On Saturday, 31st March, 2018, High Commission Pakistan (Canberra, ACT, Australia) organised an event for Pakistan Resolution Day with the help of a Baloch girl  Ms Rida Aleem Khan to give recognition and respect to 158 years of Baloch-Australian Heritage. The event was hosted at a Baluchi Restaurant in Melbourne, and Baloch food was served, alongside a presentation about the origins and culture of the Baloch, the role of Baloch women and a detailed history of their contribution in Australian since their arrival in 1860s and early 1900, initially as cameleers with their ‘ships of desert’ but later adapting to other professions, helping Australian economy and building infrastructure as the Overland Telegraph and Trans-Australian Railway.

A one minute of silence was attributed in the honour of Baloch Australians. Many of these Baloch came from various provinces of Pakistan and its neighbouring regions.

In 1884, a mosque was ‘hand-built’ at Hergott Springs (Marree, South Australia) by Baloch cameleers, which is also the first mosque in Australia, making Baloch community the oldest Muslim community introducing Islam to Australian soil. The town (Marree) eventually had two mosques, the northern of which was abandoned around 1910. Another report indicates a mosque was deliberately demolished in 1956 by its elderly caretaker, Syed Goolamdeen, who could no longer maintain it, since many descendants of Baloch no longer practised Islam.

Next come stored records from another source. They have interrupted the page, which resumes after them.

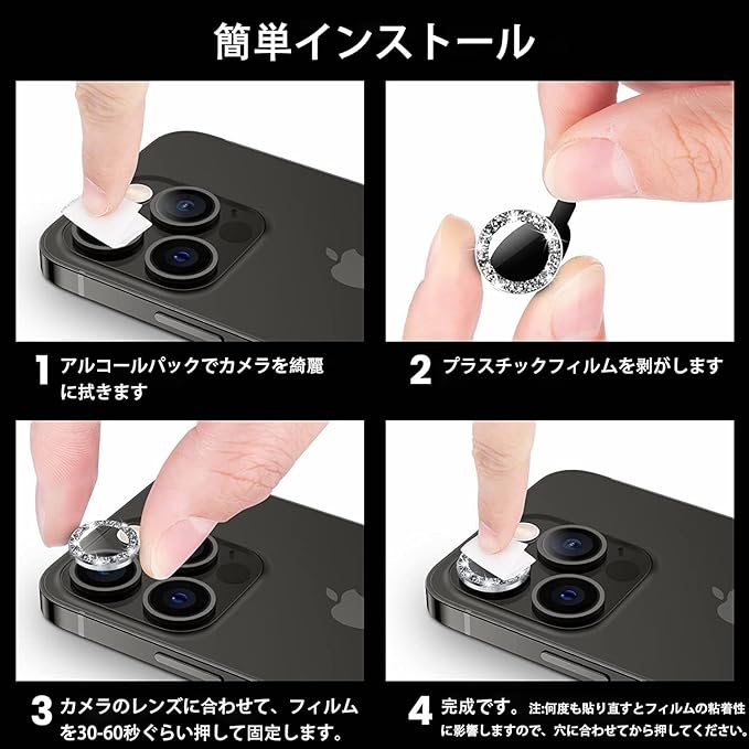 【貼り付け簡単】フィルムの粘着面はナノ静電吸着技術を処理され、位置を合わせて軽く置くだけで気泡が入ることなく簡単に装着できます、誰でもきれいに貼ることができます。【パッケージ内容】iPhone 16 Pro 対応 / iPhone 16 Pro Max 対応 カメラカバー 3枚。
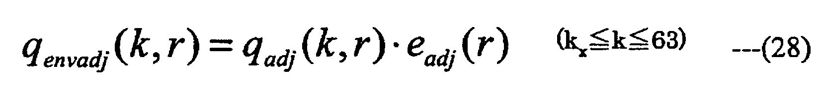 - the temporal envelope shaping means after controlling a gain of the adjusted temporal envelope so that power of the high frequency component in the frequency domain in an SBR envelope time segment is equivalent before and after shaping of the temporal envelope, preferably shape a temporal envelope of the high frequency component by multiplying the temporal envelope whose gain is controlled by the high frequency component in the frequency domain.
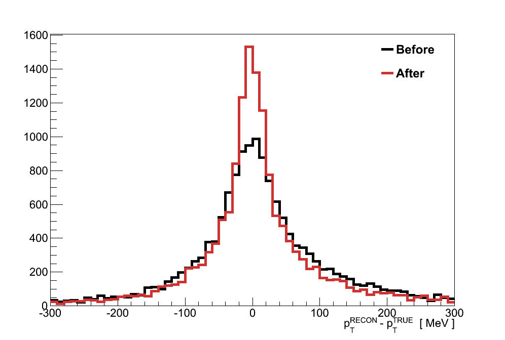 The last correction applied to the simulation compensates for the observation that the reconstructed momentum resolutions in data and simulation do not match.
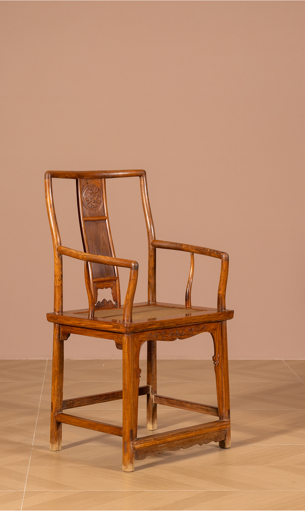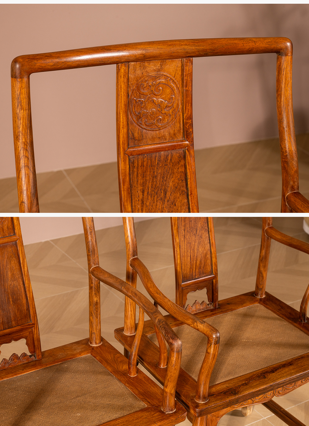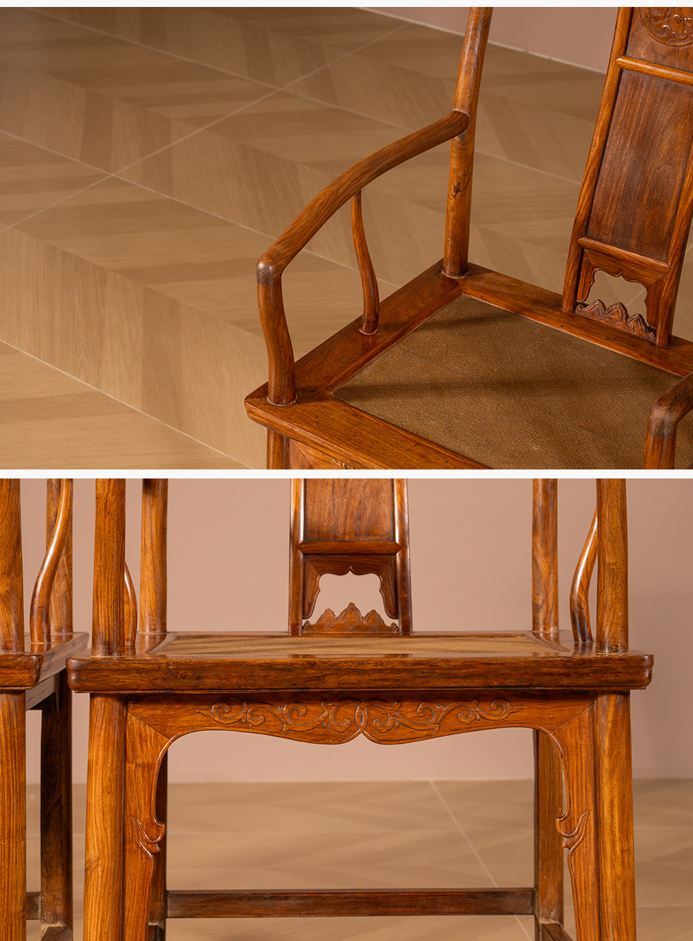 清 黄花梨三攒靠背螭龙纹南官帽椅(一对)
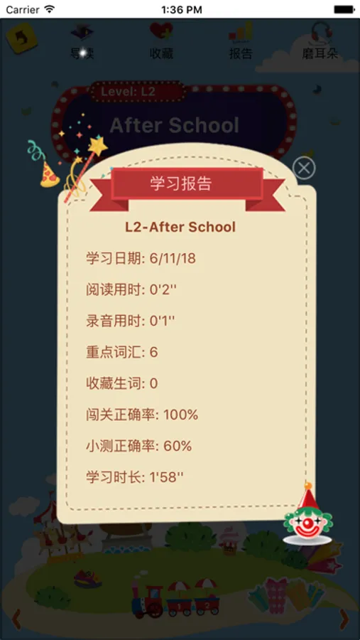 4、完成每篇书籍各个环节以后,都可以查看学习结果报告,内容包括学习日期、用时、闯关正确率、小测正确率、收藏生词等内容;

Many Baloch married Anglo-saxon and Aboriginal women, and their descendants like Nancy Joy Baluch make Baloch Australian community proud. In her earlier years, Joy Baluch attended Cook and Port Augusta Primary Schools and Port Augusta High School. She married Teofil Stefan Baluch. Joy Baluch served as Mayor of Port Augusta (South Australia) from 1981 to 1993 and from 1995 until her death. She was awarded the Centenary Medal in 2001and was appointed as a Member of the Order of Australia in 2007 “for service to local government in South Australia, particularly through contributions to economic and regional development, and to the community of Port Augusta and region.” Local newspaper titled Joy Baluch as the “Iron-Lady with a big heart.”

It is understood that the 72 years of White Australia policy limited access to the literature about people of different races and many records has been destroyed about people of colour including Baloch people. Thus making it difficult to track their history and location, especially since most people think the cameleers were Afghans when in reality, they were Baloch and mostly from modern day Pakistan.

Upon interviewing Ms. Rida Aleem Khan said; “as a young Baloch girl growing up in Australia, in a small country town, I never found any books about Baloch people in my school library nor did I get taught history about the cameleers at my school. Even the books about Pakistan were by non-Pakistanis and media spoke negatively of Muslims.”

“When you have Khalida Brohi and Shamim Mari doing Ted Talks, Madiea Ghafoor making history in Olympics, young girls like Maheen Baloch running street classes and Uzma Haya Baloch expressing her artwork; it surprises me that not much coverage is done on the work by many Baloch girls from Dera Ghazi Khan and surrounding areas,” says Rida.

“We may not speak Balochi or Brahvi, but Saraiki-speaking Baloch community is just as Baloch as anyone else and it is so important for many young Baloch growing up in Western countries to have positive Baloch role models, especially Baloch women like Joy Baluch.”